The RCA repeat-sales database and the Moody's/REAL Commercial Property Price Indexes present an opportunity to begin an empirical comparison of the two approaches. As noted, computation of index estimated returns standard errors is not straightforward for the ATQ, and “apples-to-apples” comparisons of estimated standard errors across the two procedures is not attempted in this disclosure. For one thing, consider that the second-stage regression itself has no residuals, as it makes a perfect fit to the staggered lower-frequency indexes that are its dependent variable. Furthermore, the objective of a price index regression is not the minimization of transaction price residuals per se, but rather the minimization of error in the coefficient estimates (the index's periodic returns). However, there are two statistical characteristics of an estimated market price index that can provide practical, objective information about the quality of the index. These two characteristics are the volatility and the first-order autocorrelation of the index's estimated returns series. Based on statistical considerations, we know that noise or error in the index returns will tend to increase the observed volatility in the index returns. And we know that noise or error will also tend to drive the index returns' first-order autocorrelation down, toward negative 50%. These are basic characteristics of the statistics of indexes. (See, e.g., Geltner & Miller et al (2007), Chapter 25.) Based on economic considerations, we know that the true quarterly volatility in commercial property market prices tends to be fairly low, and the true first-order autocorrelation tends to be at least slightly positive. Fundamentally, this is due to the relatively conservative, “cash-cow” nature of stabilized commercial property (the RCA-based indexes exclude leverage and development projects), and the relatively illiquid, sluggish nature of the private, search market in which property assets trade.
For example, the quarterly S&P/Case-Shiller home price index has volatility of only 1.7%, and first-order autocorrelation of 66%, from 1987 through 2007. While this may reflect greater sluggishness and “price stickyness” in housing markets compared to commercial property markets, and the NCREIF Property Index's quarterly volatility of 1.7% and first-order autocorrelation of 80% (1984-2007) may reflect appraisal smoothing, the transaction-price-based version of the NCREIF index produced by the MIT Center for Real Estate still only shows 3.8% quarterly volatility (with only 5% first-order autocorrelation).

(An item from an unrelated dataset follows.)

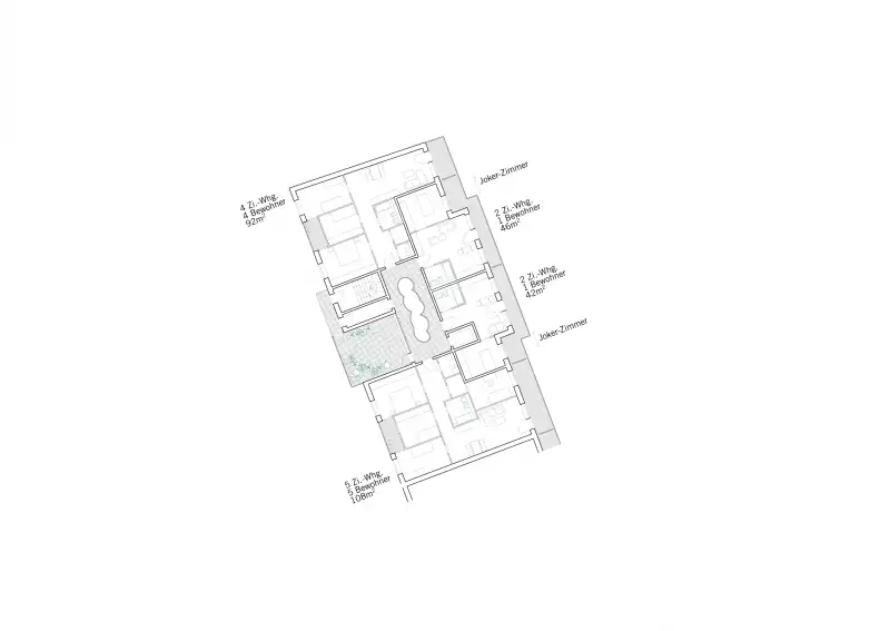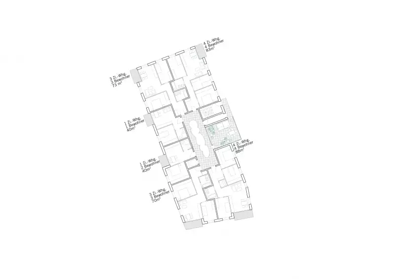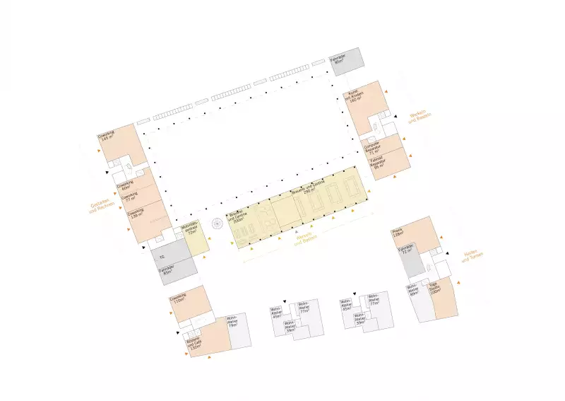 Die Häuser ordnen sich nach verschiedenen Qualitäten und Atmosphären des Stadtraums. Die Gebäude umstellen das neue Quartier: Stadthäuser wechseln sich mit Hofhäusern ab, Orte der Produktion mit Wohnungen und Dachgärten. Man betritt alle Häuser von der Straße. Über eine großzügige, zweigeschossige Halle erreicht man die Wohnungen. Diese Hallen bilden das Entrée und ergänzen sich räumlich mit den ebenfalls zweigeschossigen „Gartenzimmern“ der Häuser. Eine räumliche Verschränkung der Hausgemeinschaft entsteht. Spännererschließungen lassen zahlreiche unterschiedliche Wohnungsgrößen zu.

Considering the foregoing, it would seem reasonable to compare the two index estimation methodologies based on the volatilities and first-order autocorrelations of the resulting estimated historical indexes. Lower volatility, and higher first-order autocorrelation, would be indicative of a “superior” index, that is, one that is likely to have less noise or error in its returns. For example, in the New York Office index that we considered in the previously in
Among the Moody's/REAL Commercial Property Price Indexes there are 16 indexes (including the New York Office and Southern California Retail indexes we have previously examined) that were originally published at only the annual frequency (with four staggered versions, as described above), because the available transaction price data was deemed to be insufficient to support quarterly estimation. An examination of the relative values of the volatilities and first-order autocorrelations resulting from estimation by the two alternative procedures across these 16 market segments can provide the beginnings of a quantitative comparison of the two procedures.
The 16 annual-frequency Moody's/REAL indexes include eight at the MSA level and eight at the multi-state regional level. The eight MSA-level indexes are: four different property sectors (apartment, industrial, office, retail) for Southern California (Los Angeles and San Diego combined), three other MSA-level office indexes (New York, Washington D.C., and San Francisco), and one apartment index (for Southern Florida, which combines Miami, Ft Lauderdale, West Palm Beach, Tampa Bay, and Orlando). The eight multi-state regional indexes include the four property sectors each within each of two NCREIF-defined regions: the East and the South. The East Region includes all the 15 states north and east of Georgia, Tennessee, and Ohio. The South Region includes the 9 states encompassed inclusively between Florida, Tennessee, Oklahoma, and Texas. There is thus some geographical overlap between the MSA-level and regional-level indexes, in the sense that three of the eight MSA-level indexes are also within two of the regional-level indexes. The New York and Washington D.C. office indexes are within the East Office regional index, and the South-Florida Apartments index is within the South Apartment regional index.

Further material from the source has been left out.